Next Year Will Be Different
By Rudi Filapek-Vandyck, Editor FNArena
MFS strategist Robert Almeida summarised it best in his latest reflections: "Investing is simple, but hard".
Those who had been expecting logical, straightforward outcomes for financial assets in calendar year 2019 have been hit with multiple surprises as the year went by.
One of the biggest surprises, no doubt, is that the year that saw corporate earnings growth grind to a halt in the USA, with Australian dividends going backwards on top of falling profits, while there has been no tangible progress in the conflict between Washington and Beijing, yet also witnessed share market indices surging to new all-time highs, with short term momentum pointing further upwards.
This ain't normal, is it?
Well, according to Jeremy Siegel, the Russell E. Palmer Professor of Finance at the Wharton School of the University of Pennsylvania in Philadelphia, global equities don't seem overvalued, but rather fairly valued and there are no signs bond yields should be surging higher any time soon.
Siegel's view, which usually swings between mildly optimistic and outlandishly bullish, is based upon the observation that financial markets function differently in a world of persistently low interest rates. In simple terms: equities have become the main attraction for income-hungry investors whereas government bonds are now being used to hedge against negative risks.

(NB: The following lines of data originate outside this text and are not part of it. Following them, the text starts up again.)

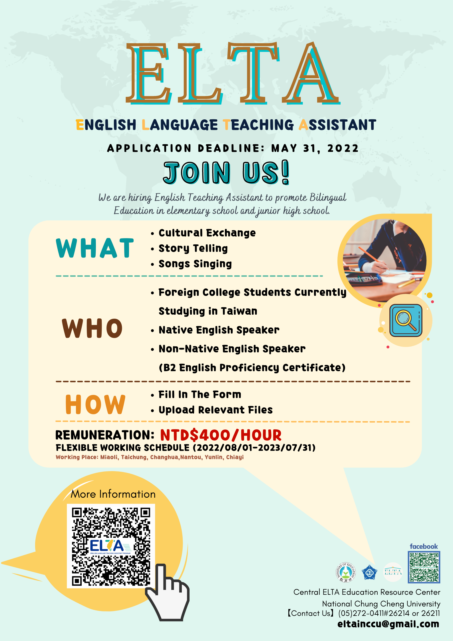 二、本案申請資格、工作說明、薪資及相關福利詳如附件,報名網站:https://tfetp.epa.ntnu.edu.tw/en/elta/web/home。本案倘有疑義,請洽國民及學前教育署阮小姐,電話:02-7736-7770,電子信箱:e-j414@mail.k12ea.gov.tw。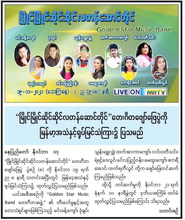 မြိုင်မြိုင်ဆိုင်ဆိုင်လတန်ဆောင်တိုင် တေးဂီတဖျော်ဖြေပွဲကို မြန်မာ့အသံနှင့်ရုပ်မြင်သံကြား၌ ပြသမည်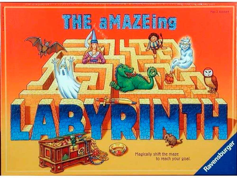 In this charming logic game, the game board has a set of tiles fixed solidly onto it; the remaining tiles that make up the labyrinth slide in and out of the rows created by the tiles that are locked in place. One tile always remains outside the labyrinth, and players take turns taking this extra tile and sliding it into a row of the labyrinth, moving all those tiles and pushing one out the other side of the board; this newly removed tile becomes the piece for the next player to add to the maze. Players move around the shifting paths of the labyrinth in a race to collect various treasures. Whoever collects all his treasures first and returns to his home space wins.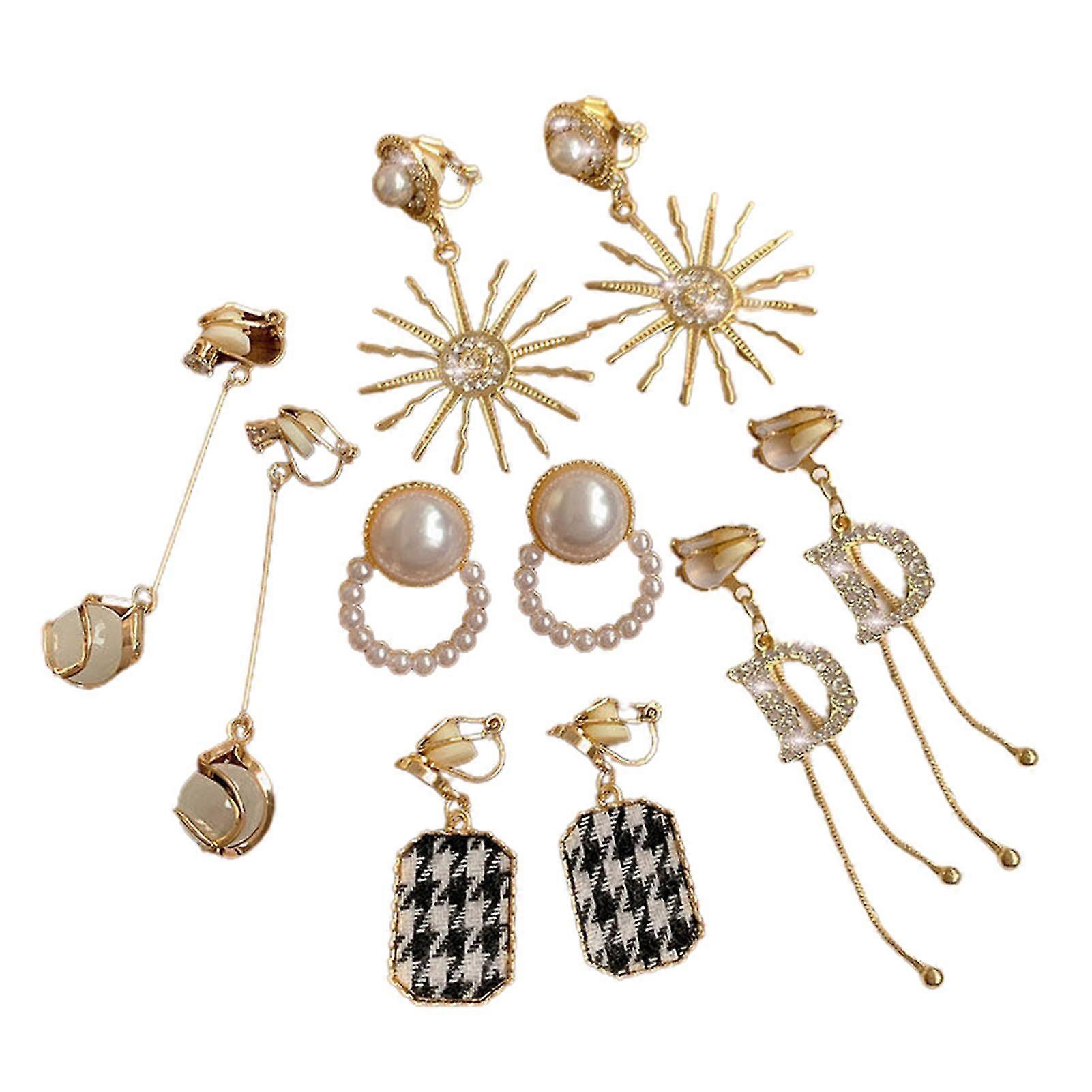 5 Pairs Dangle Earrings D Shape Tassels Jewelry Faux Pearls Rhonestones Drop Earrings for Wedding Party Banquet Prom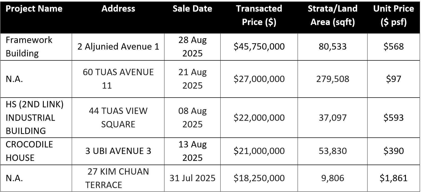 The largest deal in 3Q 2025 involved CapitaLand Ascendas REIT (CLAR) divesting five properties in August 2025 for a total of $329 million, reportedly to a consortium led by EZA Hill. This highest-value transaction was the sale of a five-storey ramp-up logistics property for $140 million. Other properties included 10 Toh Guan Road (The Furniture Mall, $84.5 million), 9 Changi South Street 3 ($51.5 million), and 31 Ubi Road 1 ($30 million). Three of these properties are logistics facilities, demonstrating investors' confidence in the sector.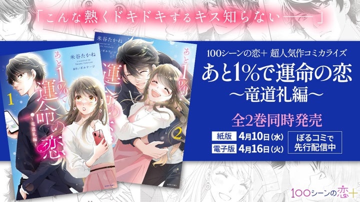 株式会社ボルテージは、「100シーンの恋+」内で配信中のタイトルを原作としたコミカライズ作品「あと1%で運命の恋~竜道礼編〜」の単行本を4月10日に全2巻同時発売しました。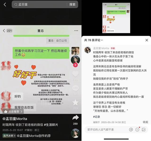 孟羽童的表现也很有意思,一边吃着格力的小火锅,一边说自己"会不自觉模仿董明珠",还大谈董姐的榜样力量。这波彩虹屁放得,比她在职时还要专业!不过她说的那句"任何工作都有痛苦挣扎的部分",倒是道出了职场新人的心声。想想也是,从"董明珠接班人"到被全网群嘲,再到如今重获青睐,这过山车般的经历够写本职场生存指南了。

Irrespective of whether one agrees or disagrees with Siegel's optimistic outlook for equities in 2020, maybe the more important question is whether things are genuinely different this time, and if so, whether investors can expect things to revert back to the old normal?

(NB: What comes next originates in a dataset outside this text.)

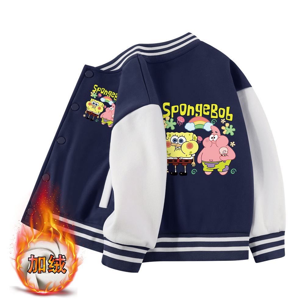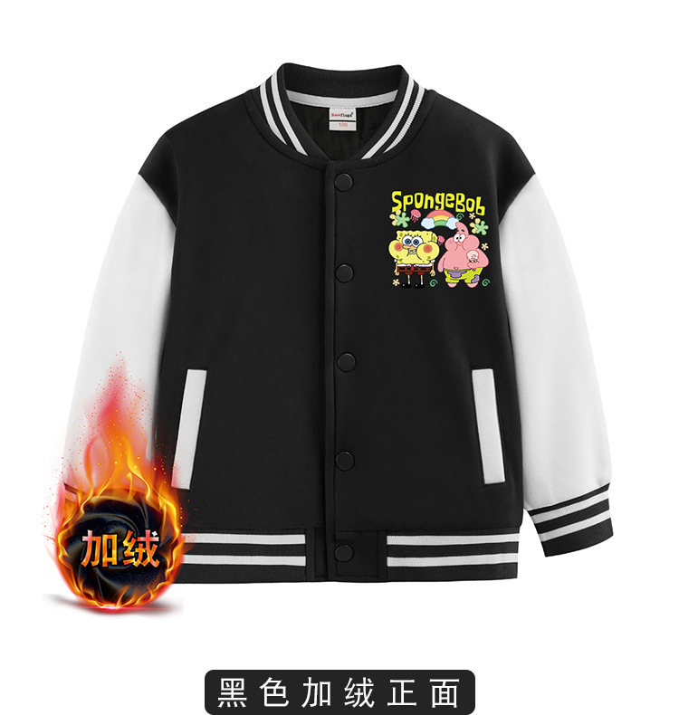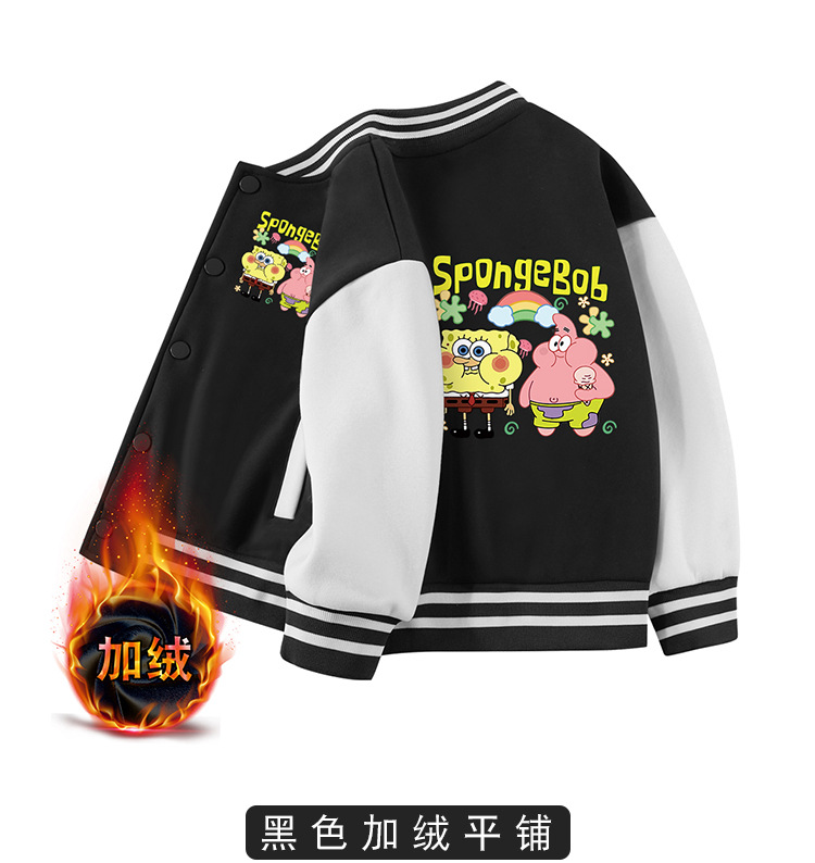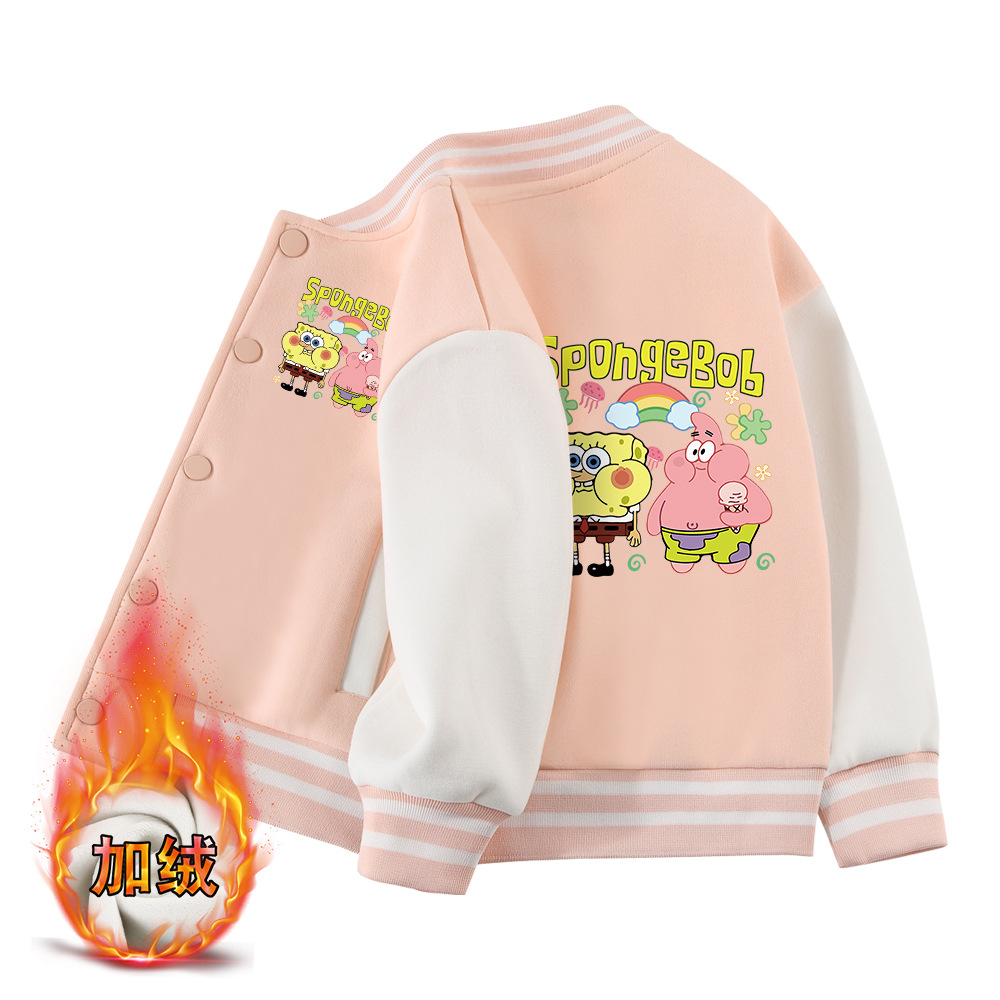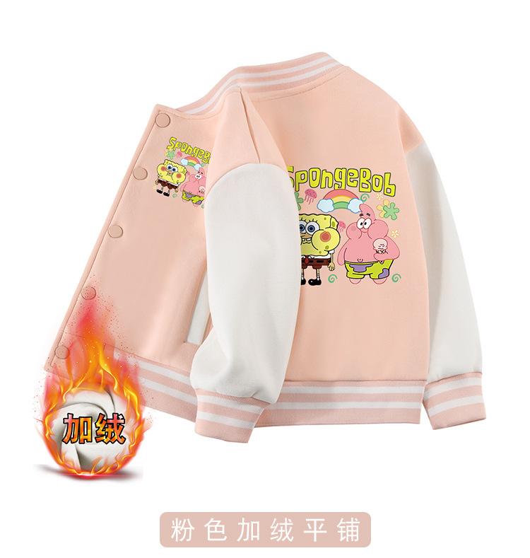 어린이 야구 세트 코트 2025 새로운 소년과 소녀 가을 겨울 기모 두꺼운 재킷 스폰지 밥 옷

Share market experts and commentators like to talk about the longest bull market in history, but nowhere has the equities bull market been as consistent and as profitable as in the USA. At face value, this is easily explained by what investors casually refer to as "market fundamentals".

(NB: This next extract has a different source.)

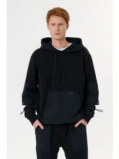 Жилетка со съемным капюшоном черная утепленная демисезонная

In practice this means: American companies have shown better growth than their foreign counterparts. It seems but fair their share prices have outperformed the rest of the world. Add bond yields persistently near historically low levels and it should be no surprise equity valuations have moved beyond historical averages too.
The fact US utilities and infrastructure stocks have become a popular go-to destination for investors worldwide seems to combine all the important themes that have dominated this bull market since 2012: income plus growth.
Behind the scenes of it all, there is one ingredient to the secret sauce that receives far less attention: the fact that American companies have used this new environment of exceptionally low interest rates and bond yields to buy back their own shares and leverage up their balance sheets.
It has been dubbed "financial alchemy" by some of the more critical bystanders. One of the direct consequences is that American share markets have shrunk in recent years (less shares available to invest in), which could explain why markets kept rising while investors have been withdrawing more funds than directing them towards US equities.
Note: post 2012, every single year has seen the US share-count shrink compared with the year prior, including 2019.